Activity —
Using the records below, output the stretch that opens with the line containing "手を高く上げると、いち早くボ" and closes with the line containing "选手表演结束后,评委们根据故", exactly and including both lines, with nothing more.

Records for the task —
::::::::

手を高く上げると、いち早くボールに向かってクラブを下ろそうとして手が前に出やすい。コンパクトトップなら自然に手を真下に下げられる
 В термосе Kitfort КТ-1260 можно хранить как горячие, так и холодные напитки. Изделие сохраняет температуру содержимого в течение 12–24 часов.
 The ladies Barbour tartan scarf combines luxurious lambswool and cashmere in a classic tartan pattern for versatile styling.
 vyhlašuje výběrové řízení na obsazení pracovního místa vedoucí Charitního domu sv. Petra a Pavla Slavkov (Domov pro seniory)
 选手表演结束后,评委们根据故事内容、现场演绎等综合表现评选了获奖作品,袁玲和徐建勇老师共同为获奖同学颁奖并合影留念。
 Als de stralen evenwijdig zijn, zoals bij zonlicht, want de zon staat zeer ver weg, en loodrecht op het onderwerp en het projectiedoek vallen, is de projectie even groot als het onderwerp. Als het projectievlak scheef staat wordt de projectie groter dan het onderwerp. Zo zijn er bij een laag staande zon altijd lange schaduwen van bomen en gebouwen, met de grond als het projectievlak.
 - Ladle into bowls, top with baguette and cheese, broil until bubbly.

::::::::

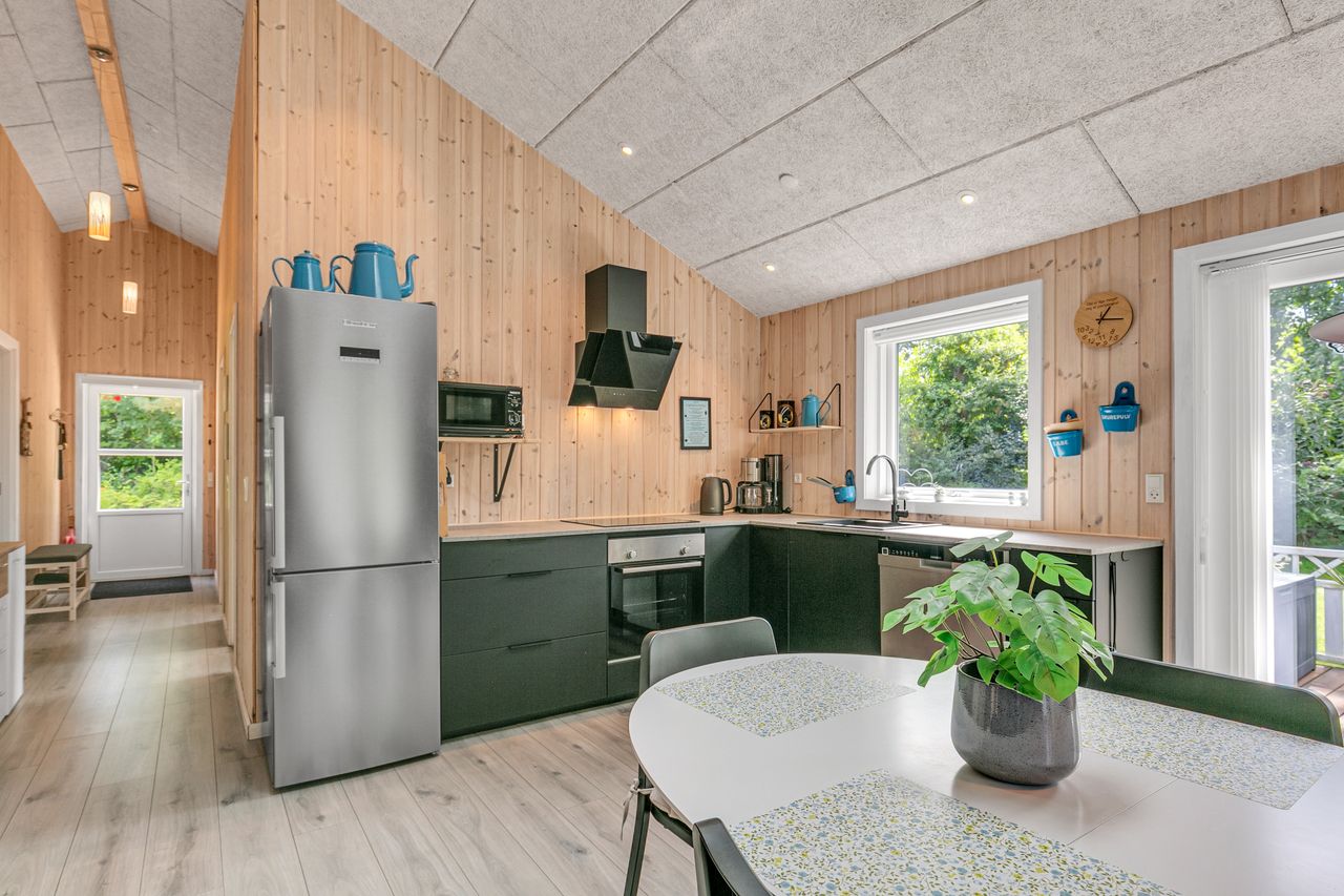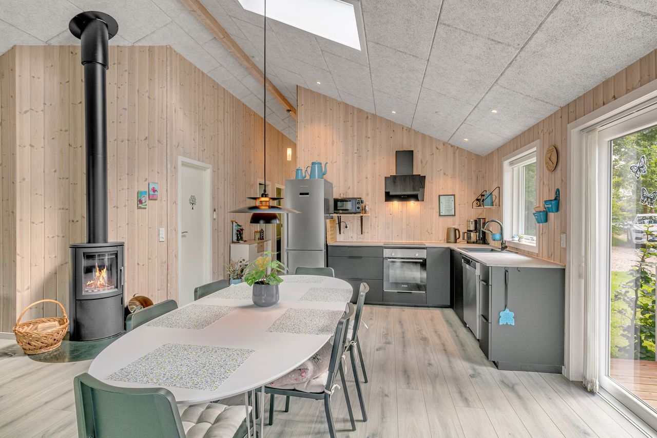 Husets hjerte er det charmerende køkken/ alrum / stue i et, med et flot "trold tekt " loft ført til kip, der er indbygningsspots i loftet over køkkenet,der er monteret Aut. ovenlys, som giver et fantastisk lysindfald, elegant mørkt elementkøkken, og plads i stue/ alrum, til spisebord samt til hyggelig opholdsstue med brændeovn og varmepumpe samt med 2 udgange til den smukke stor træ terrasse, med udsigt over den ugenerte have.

::::::::

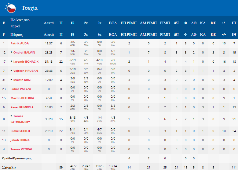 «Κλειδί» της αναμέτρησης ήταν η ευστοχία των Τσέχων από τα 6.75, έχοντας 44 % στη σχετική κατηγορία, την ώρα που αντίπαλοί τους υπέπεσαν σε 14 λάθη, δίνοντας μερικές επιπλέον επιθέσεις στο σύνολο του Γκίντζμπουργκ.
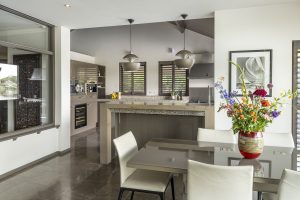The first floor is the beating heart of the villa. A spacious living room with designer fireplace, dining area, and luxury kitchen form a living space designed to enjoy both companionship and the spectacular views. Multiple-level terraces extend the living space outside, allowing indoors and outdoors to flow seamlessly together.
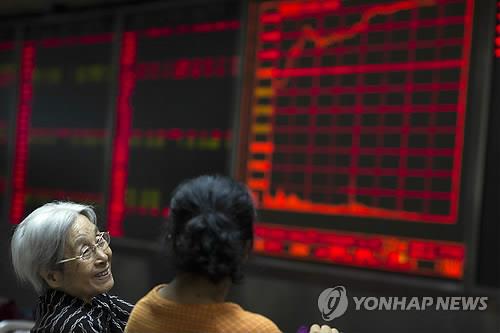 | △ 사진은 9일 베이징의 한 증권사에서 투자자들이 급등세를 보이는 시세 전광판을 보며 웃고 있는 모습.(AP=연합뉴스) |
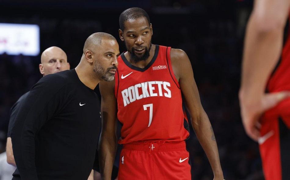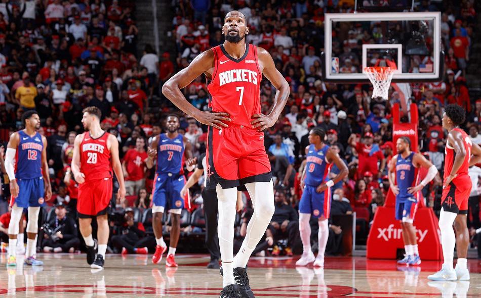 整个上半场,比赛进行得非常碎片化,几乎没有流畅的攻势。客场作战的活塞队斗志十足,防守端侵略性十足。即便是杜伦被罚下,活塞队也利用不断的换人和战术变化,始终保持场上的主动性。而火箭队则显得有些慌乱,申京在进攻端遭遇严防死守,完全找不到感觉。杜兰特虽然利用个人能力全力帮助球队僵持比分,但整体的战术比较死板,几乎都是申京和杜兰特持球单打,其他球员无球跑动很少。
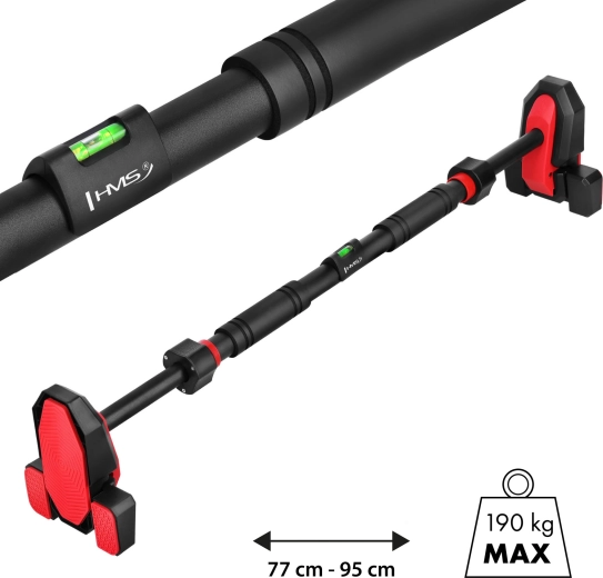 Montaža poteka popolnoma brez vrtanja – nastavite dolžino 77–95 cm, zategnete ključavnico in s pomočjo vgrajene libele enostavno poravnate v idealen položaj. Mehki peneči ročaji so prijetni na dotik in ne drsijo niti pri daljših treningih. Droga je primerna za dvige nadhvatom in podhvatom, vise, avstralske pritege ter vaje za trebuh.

::::::::

Solution to this task —
手を高く上げると、いち早くボールに向かってクラブを下ろそうとして手が前に出やすい。コンパクトトップなら自然に手を真下に下げられる
 В термосе Kitfort КТ-1260 можно хранить как горячие, так и холодные напитки. Изделие сохраняет температуру содержимого в течение 12–24 часов.
 The ladies Barbour tartan scarf combines luxurious lambswool and cashmere in a classic tartan pattern for versatile styling.
 vyhlašuje výběrové řízení na obsazení pracovního místa vedoucí Charitního domu sv. Petra a Pavla Slavkov (Domov pro seniory)
 选手表演结束后,评委们根据故事内容、现场演绎等综合表现评选了获奖作品,袁玲和徐建勇老师共同为获奖同学颁奖并合影留念。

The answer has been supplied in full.